Until I hear back from you, I have a solution. The two must be differentiated, so I propose we use both "the V word" and "the C word."

Va-va-voom? Carol Channing?

I know some of you will take umbrage with my brazenness...and my verbose vernacular...but this is for the best. If it's in reference to sex, the vagina. And instead of urethral duct, let's just bite the bullet and jointly agree to call the pissing place the cooter.

Friday, December 5, 2008

Thing-in-Hand

I'm late. I'm running around the house trying to find Black Doggie. But Black Doggie seems to have gone by the way of Loni Anderson's career. It's disappeared! I plead with my two-year-old daughter, "Pink Poodle? Baby Owl? Spotted Seal?" Maxie shakes her head no. Nothing else will do. Maxie is one of those kids who does better in the car, going to bed, with thing-in-hand, something she can hold tight in her vice-like grip.

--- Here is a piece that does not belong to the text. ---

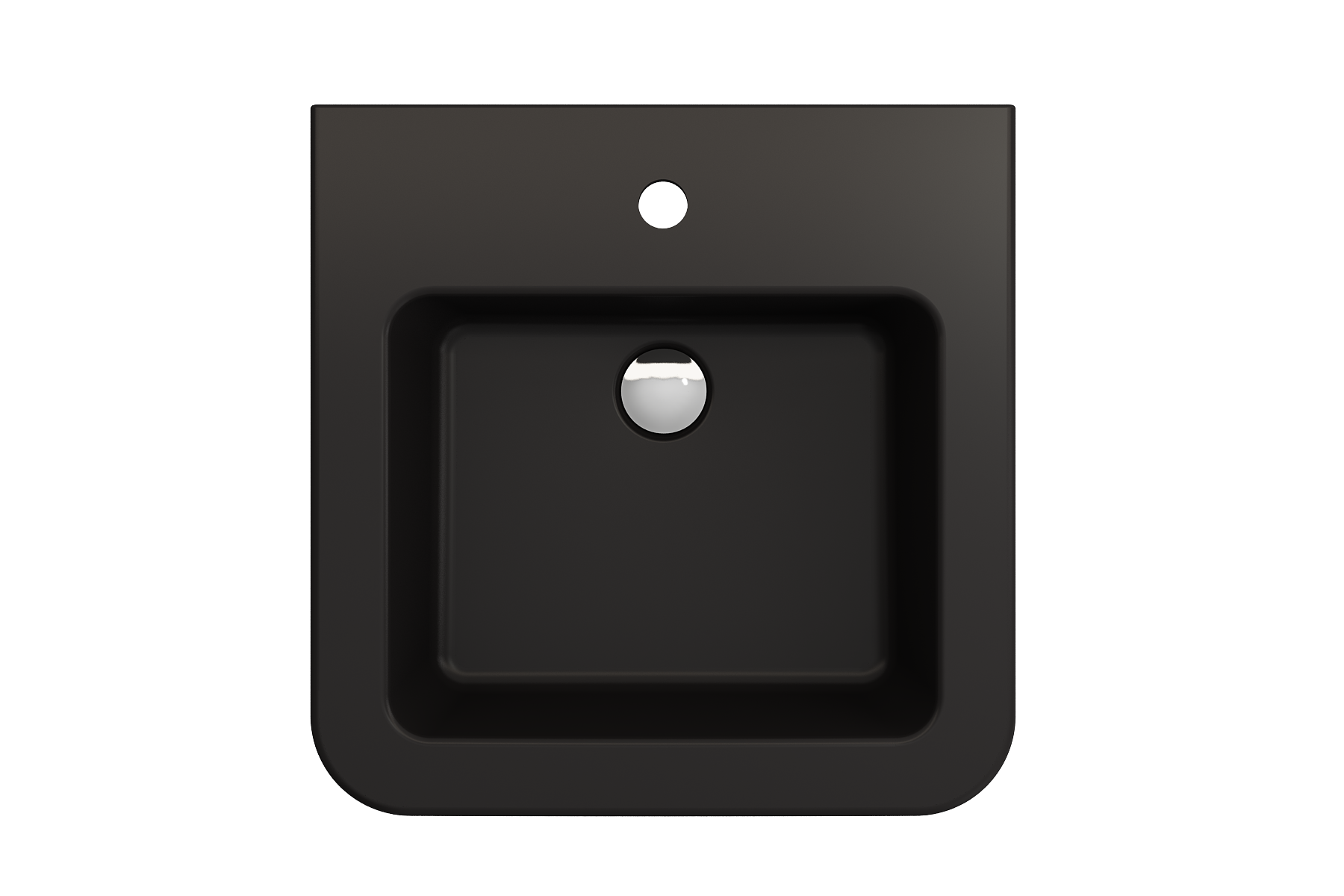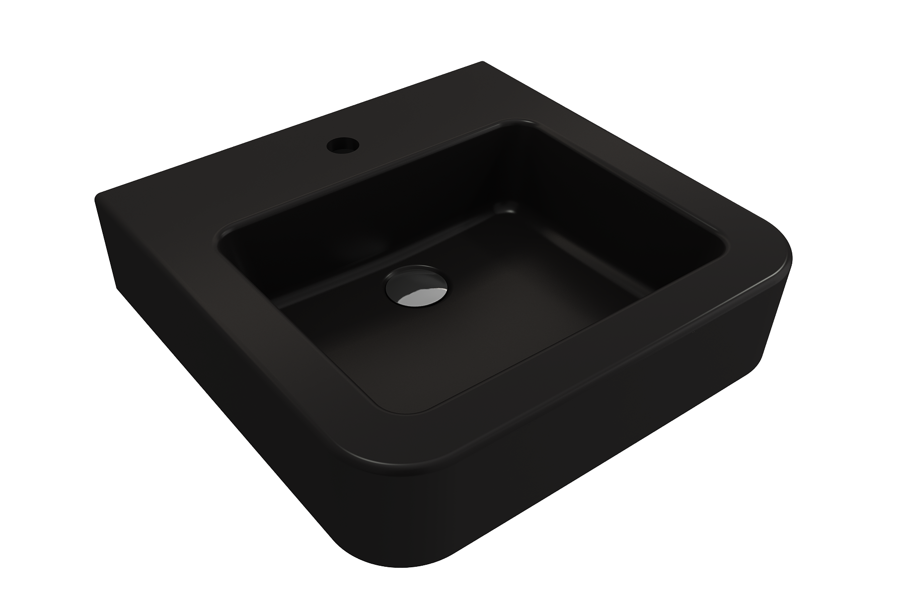 Bathroom sink with single-hole faucet setting. May be wall-hung or counterset.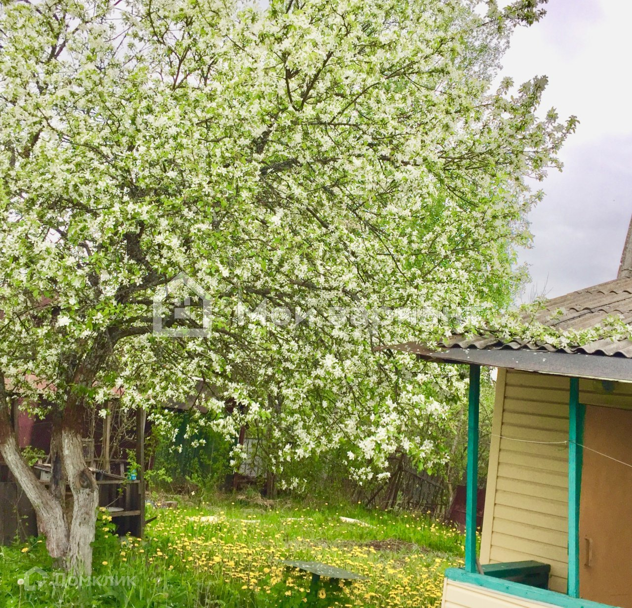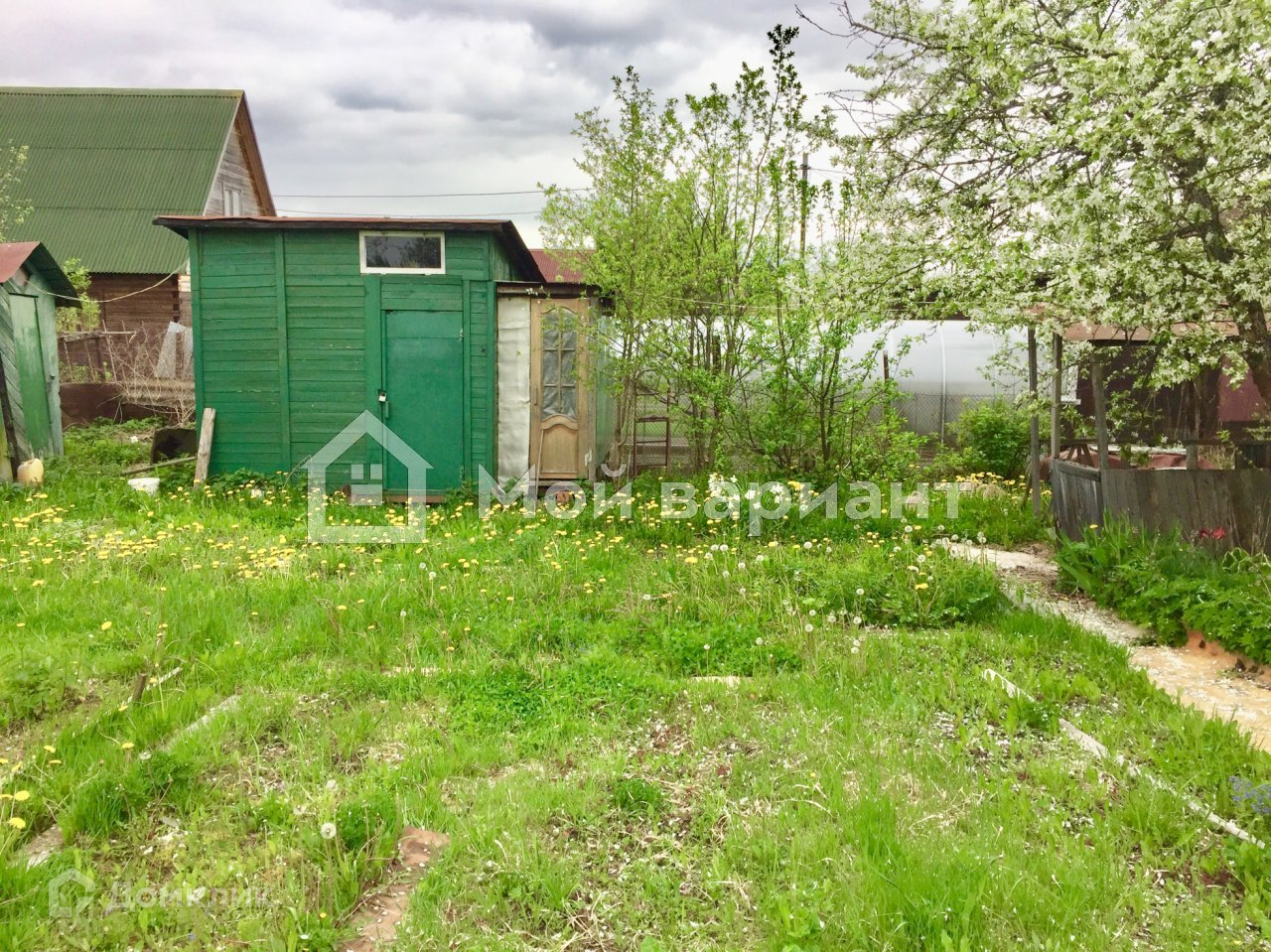 На участке есть хозпостройки, плодовые деревья и кустарники.Забор - металлопрофиль, калитка,ворота.

I'm sure the books will tell you thing-in-hand offers security, gives the child a sense of control. But I'm not a mommy who reads those books. I just know the car ride goes much smoother when thing-in-hand is indeed in hand. Her things-in-hand are small plushy representations of the animal kingdom, usually canine, most of them pink or black, her favorite colors. (Possibly a future career in international fashion? The funeral service industry?)

I'm usually pretty good at finding things-in-hand. While making breakfast, say, I happen to spot Black Doggie on the cookbook shelf, and make a mental note. Then, later, I can successfully execute the perfect mommy swoop, keys, diaper bag, thing-in-hand in one fluid motion and not be late. But today, Emeril and Barefoot Contessa haven't seen Black Doggie on their shelf. I'm pulling items out of the toy drawer, sweat at my brow, kitchen floor getting cluttered when...aha...I find my quarry hiding in a Hello Kitty purse. Fucking Kitty. I hold it up with the triumph of an Oscar winner. But Maxie, once again, shakes her head no. I had found Mommy Black Doggie. She wants Baby Black Doggie.

My six-year-old usually likes to hold an item of transport: car, airplane, train; or an action figure; or a toy cell phone; or a pirate's eye patch... Doesn't really matter what thing-in-hand he chooses, it invariably becomes a pretend gun shooting pretend bullets. From his booster seat he carefully aims Thomas the Train or Spidey at the back of my head. Pssshew, pssshew! "Stop trying to kill Papa while he's driving."

When he was a baby, before his interest in firearms, Sebastian's first thing-in-hand was a lavender monkey with a big pink heart on its chest. It had actually been mine, an opening night gift for a play, in which I played Oscar Wilde. (It occurs to me Oscar might have appreciated a frisky monkey with a big pink heart on.)

One hellish day, Monkey went by the way of Steve Guttenberg's career and trauma ensued. I desperately searched every nook and cranny. Did the play date take it by accident? Did the housekeeper steal it? I call our housekeeper and make her retrace her steps. "We have to find Monkey. We just have to!" She felt obliged to come by and help us search. The pitch in the house was decidedly frantic. Was it washed in the laundry? Flushed down the toilet? You would have thought I had lost a winning lottery ticket, upending the house, calling out "Monkey" as if the stupid thing would respond. We never found it.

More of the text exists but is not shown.